Per la prima volta da anni tutti i rami del potere in Iran cadranno sotto il controllo di esponenti della linea dura con il giuramento come presidente di Ebrahim Raisi, protegee del leader supremo iraniano. Questo aumenterà probabilmente le difficoltà nei rapporti tra la Repubblica islamica e l’Occidente.

Il presidente eletto Raisi, 60 anni, ha studiato da giovane in uno dei seminari islamici della Guida Suprema, Ali Khamenei, e ha anche fatto parte di un panel che ha ordinato l’esecuzione di migliaia di prigionieri politici.
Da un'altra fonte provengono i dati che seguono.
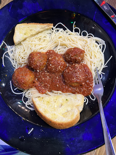 Read moreHorrible experience. Long line to wait to order. Soda machines were out so only water (but charge $.50 a cup). Ordered a medium pizza, side salad, spaghetti and meatballs + side salad. Pizza came out hot in about 10-15 minutes. After a half hour of waiting, I went back up to the front to see where the spaghetti and side salads were. Someone at front said they had a large group come in and they are just coming out now—note there were no large groups we saw. As others have noted below, the spaghetti and meatballs is horrible, basically a child’s portion for $14, and is really only pre-cooked microwaved pasta with some pizza sauce thrown on and a handful of pre-done over spiced/salted meatballs. Inedible and partly cold. They obviously dump it out and pop it in the microwave, which makes it even less excusable that after a half hour it was not ready. Will not be going back and will not be recommending this or using this for any kind of work events. Service is nonexistent and no one came to check on us or our table. The atmosphere is odd, overdone, and loud. It’s basically not Chuck E. Cheese, but not Pizza Hut or upscale. Something in between. After the half hour wait and having to go up front to check on our own food, no real apology and nothing off the bill.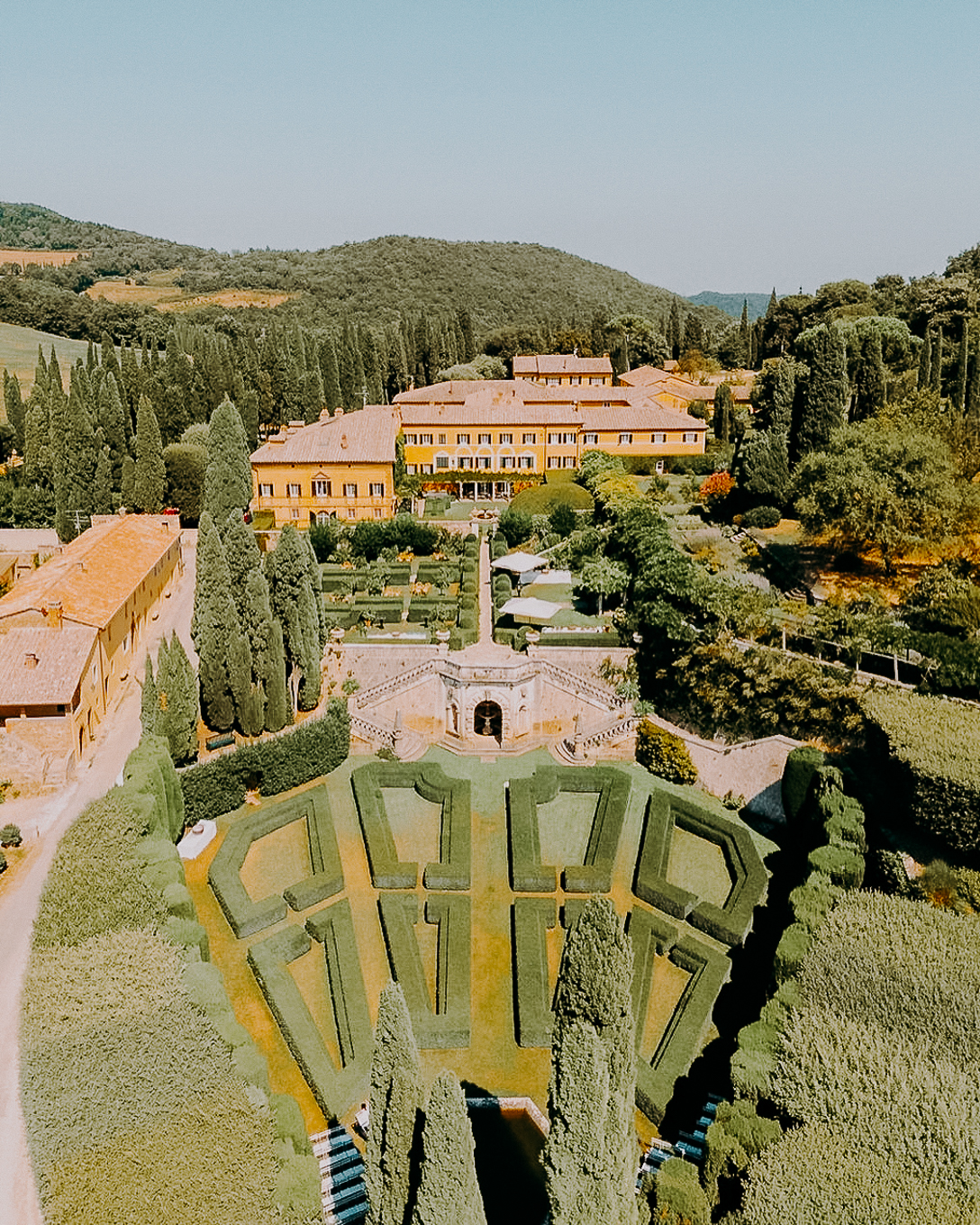 Its origins date back to the late 15th century when it served as a hostel for travelers along the Via Francigena. In 1924, Antonio and Iris Origo transformed it into a model of modern agriculture and a landscape jewel, thanks to the English architect Cecil Pinsent, who designed its renowned Italian gardens. Today, La Foce represents a perfect fusion of Renaissance architecture and Tuscany's unspoiled nature, making it one of the most sought-after locations for exclusive weddings.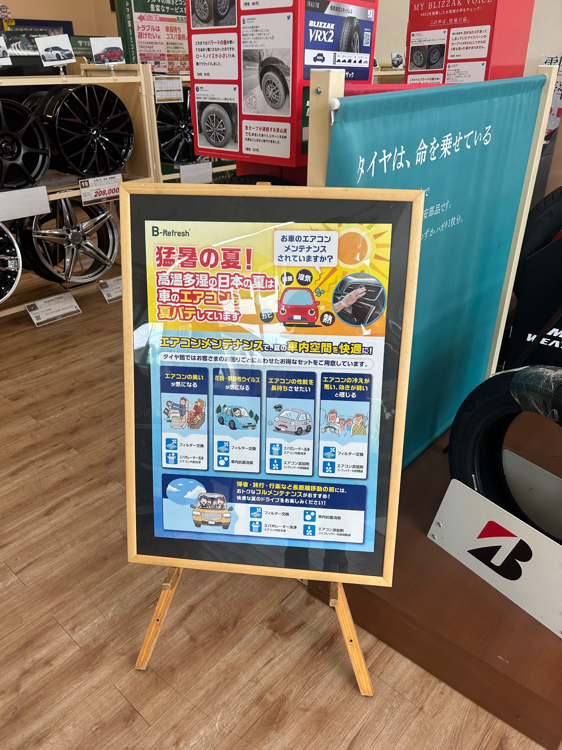 タイヤ館では、フィルター交換・エバポレーター洗浄・ガス添加剤注入など、状態に合わせたエアコンメンテナンスをご提案。

In seguito, ha scalato i ranghi arrivando a guidare la magistratura iraniana.

Il suo insediamento oggi, dopo un’elezione in cui la maggior parte dei suoi rivali è stata squalificata, è destinata a consolidare il potere tra i lealisti della linea dura di Khamenei proprio mentre l’Iran e l’Occidente stanno tentando di rilanciare l’accordo che limita le capacità nucleari di Teheran.

Si prevede che sarà un cambiamento significativo rispetto agli ultimi tre decenni. I recenti presidenti iraniani, indipendentemente dalla loro inclinazione politica, hanno spesso definito le proprie priorità politiche, sebbene il leader supremo avesse sempre l’ultima parola su questioni vitali dello Stato, come il programma nucleare.

Gli analisti dicono che Khamenei, 82 anni, sembra invece essere concentrato sulla riduzione delle lotte interne e sulla conservazione di quelli che vede come i principi della rivoluzione islamica del 1979 mentre invecchia e l’economia iraniana colpita dalle sanzioni è sottoposta a crescenti pressioni.

“Khamenei sta scommettendo”, ha detto Sanam Vakil, vice capo del programma per il Medio Oriente presso il think tank Chatham House, aggiungendo che “per 30 anni è stato un equilibratore. Ora ha solo bisogno di fare le cose”.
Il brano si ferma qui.